_Aim of the exercise_: Nothing but the lines below from the first through the one with "Offerta Sky solo" should appear, printed exactly; please leave pictures out.

Saved entries:
BEGIN
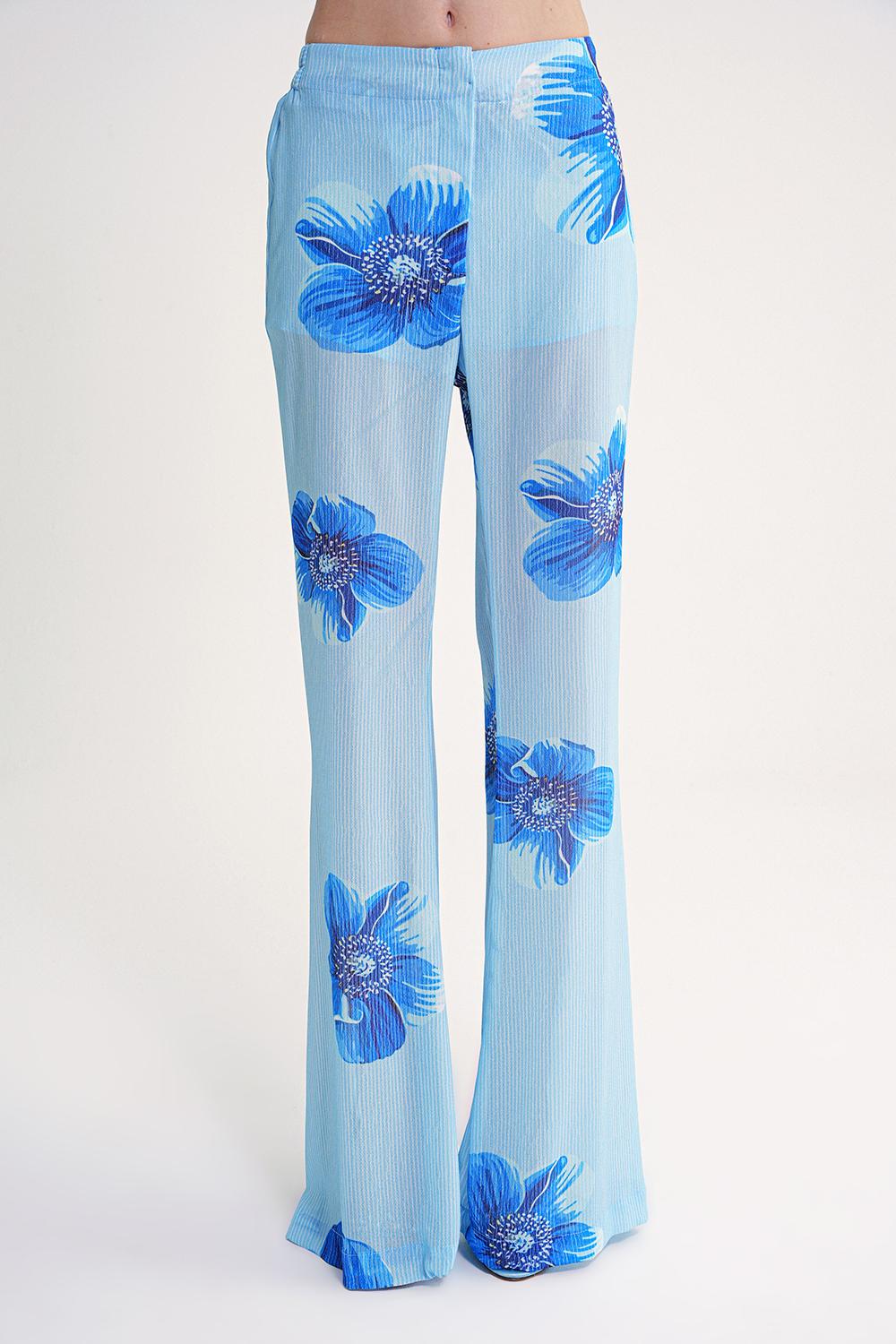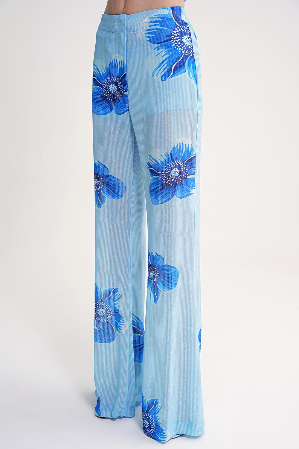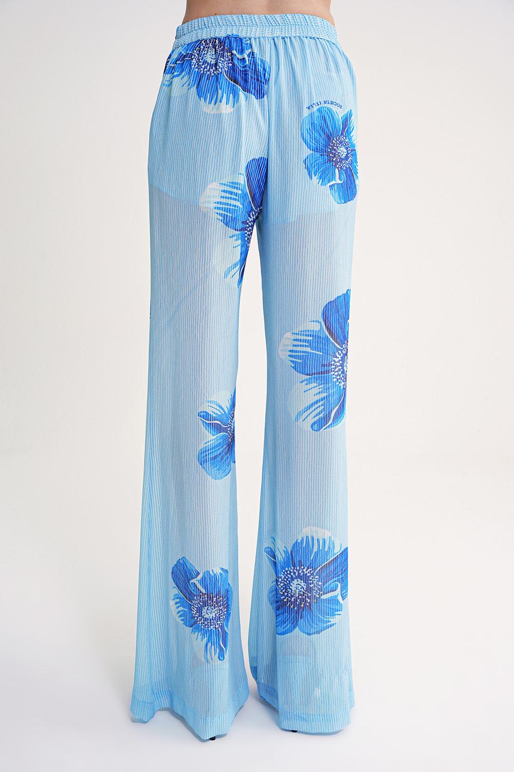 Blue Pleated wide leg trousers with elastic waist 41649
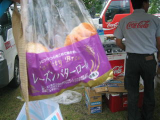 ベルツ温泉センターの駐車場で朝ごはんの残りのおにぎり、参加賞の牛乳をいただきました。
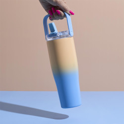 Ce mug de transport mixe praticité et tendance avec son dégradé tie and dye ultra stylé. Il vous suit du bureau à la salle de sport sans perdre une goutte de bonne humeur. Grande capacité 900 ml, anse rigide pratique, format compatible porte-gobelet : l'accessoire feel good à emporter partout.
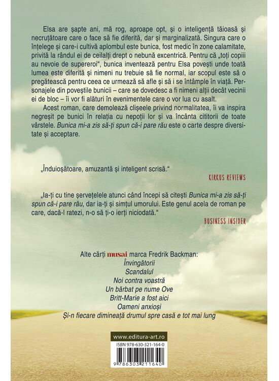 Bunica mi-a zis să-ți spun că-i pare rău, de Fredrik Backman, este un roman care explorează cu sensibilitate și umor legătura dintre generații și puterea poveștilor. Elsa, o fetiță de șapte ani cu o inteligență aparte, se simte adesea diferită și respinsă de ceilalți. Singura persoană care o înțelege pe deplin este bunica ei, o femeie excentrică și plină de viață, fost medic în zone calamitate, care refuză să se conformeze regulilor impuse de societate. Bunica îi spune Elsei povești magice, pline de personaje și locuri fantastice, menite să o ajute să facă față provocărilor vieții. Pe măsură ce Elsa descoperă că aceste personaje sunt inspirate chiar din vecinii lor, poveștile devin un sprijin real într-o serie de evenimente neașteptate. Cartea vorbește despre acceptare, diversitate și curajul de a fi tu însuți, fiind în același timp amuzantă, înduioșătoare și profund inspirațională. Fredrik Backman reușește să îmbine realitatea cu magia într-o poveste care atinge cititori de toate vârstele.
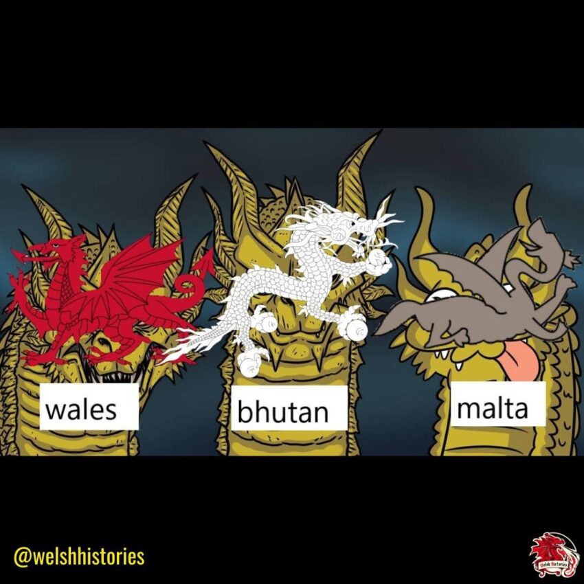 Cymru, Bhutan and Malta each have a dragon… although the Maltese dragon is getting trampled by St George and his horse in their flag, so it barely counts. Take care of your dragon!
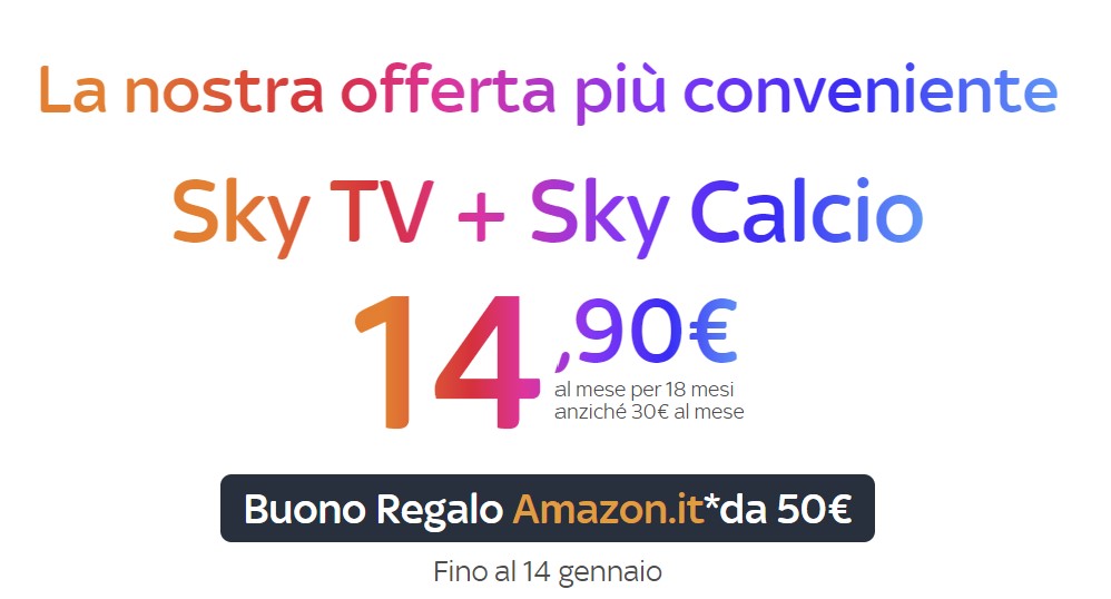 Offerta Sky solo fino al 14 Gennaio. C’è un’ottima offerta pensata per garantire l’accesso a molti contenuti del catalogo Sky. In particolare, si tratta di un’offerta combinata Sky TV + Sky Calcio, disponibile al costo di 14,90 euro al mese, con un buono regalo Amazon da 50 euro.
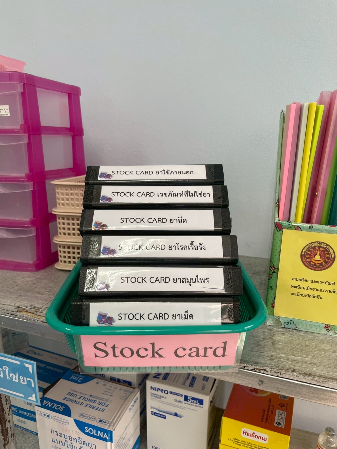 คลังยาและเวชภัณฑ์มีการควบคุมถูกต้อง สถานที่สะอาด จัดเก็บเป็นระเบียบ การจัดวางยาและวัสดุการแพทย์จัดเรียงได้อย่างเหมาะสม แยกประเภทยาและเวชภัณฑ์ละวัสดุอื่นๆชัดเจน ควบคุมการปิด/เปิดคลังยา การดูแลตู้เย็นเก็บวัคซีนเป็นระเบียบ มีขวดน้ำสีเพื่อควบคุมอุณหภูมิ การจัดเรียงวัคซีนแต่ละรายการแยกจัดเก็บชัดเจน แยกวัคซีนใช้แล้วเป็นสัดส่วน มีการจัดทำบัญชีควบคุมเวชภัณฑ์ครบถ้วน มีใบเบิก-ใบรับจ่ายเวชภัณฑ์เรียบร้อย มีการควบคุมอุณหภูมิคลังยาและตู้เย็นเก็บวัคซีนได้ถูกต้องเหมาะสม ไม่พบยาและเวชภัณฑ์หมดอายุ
END
_Answer_:
 Blue Pleated wide leg trousers with elastic waist 41649
 ベルツ温泉センターの駐車場で朝ごはんの残りのおにぎり、参加賞の牛乳をいただきました。
 Ce mug de transport mixe praticité et tendance avec son dégradé tie and dye ultra stylé. Il vous suit du bureau à la salle de sport sans perdre une goutte de bonne humeur. Grande capacité 900 ml, anse rigide pratique, format compatible porte-gobelet : l'accessoire feel good à emporter partout.
 Bunica mi-a zis să-ți spun că-i pare rău, de Fredrik Backman, este un roman care explorează cu sensibilitate și umor legătura dintre generații și puterea poveștilor. Elsa, o fetiță de șapte ani cu o inteligență aparte, se simte adesea diferită și respinsă de ceilalți. Singura persoană care o înțelege pe deplin este bunica ei, o femeie excentrică și plină de viață, fost medic în zone calamitate, care refuză să se conformeze regulilor impuse de societate. Bunica îi spune Elsei povești magice, pline de personaje și locuri fantastice, menite să o ajute să facă față provocărilor vieții. Pe măsură ce Elsa descoperă că aceste personaje sunt inspirate chiar din vecinii lor, poveștile devin un sprijin real într-o serie de evenimente neașteptate. Cartea vorbește despre acceptare, diversitate și curajul de a fi tu însuți, fiind în același timp amuzantă, înduioșătoare și profund inspirațională. Fredrik Backman reușește să îmbine realitatea cu magia într-o poveste care atinge cititori de toate vârstele.
 Cymru, Bhutan and Malta each have a dragon… although the Maltese dragon is getting trampled by St George and his horse in their flag, so it barely counts. Take care of your dragon!
 Offerta Sky solo fino al 14 Gennaio. C’è un’ottima offerta pensata per garantire l’accesso a molti contenuti del catalogo Sky. In particolare, si tratta di un’offerta combinata Sky TV + Sky Calcio, disponibile al costo di 14,90 euro al mese, con un buono regalo Amazon da 50 euro.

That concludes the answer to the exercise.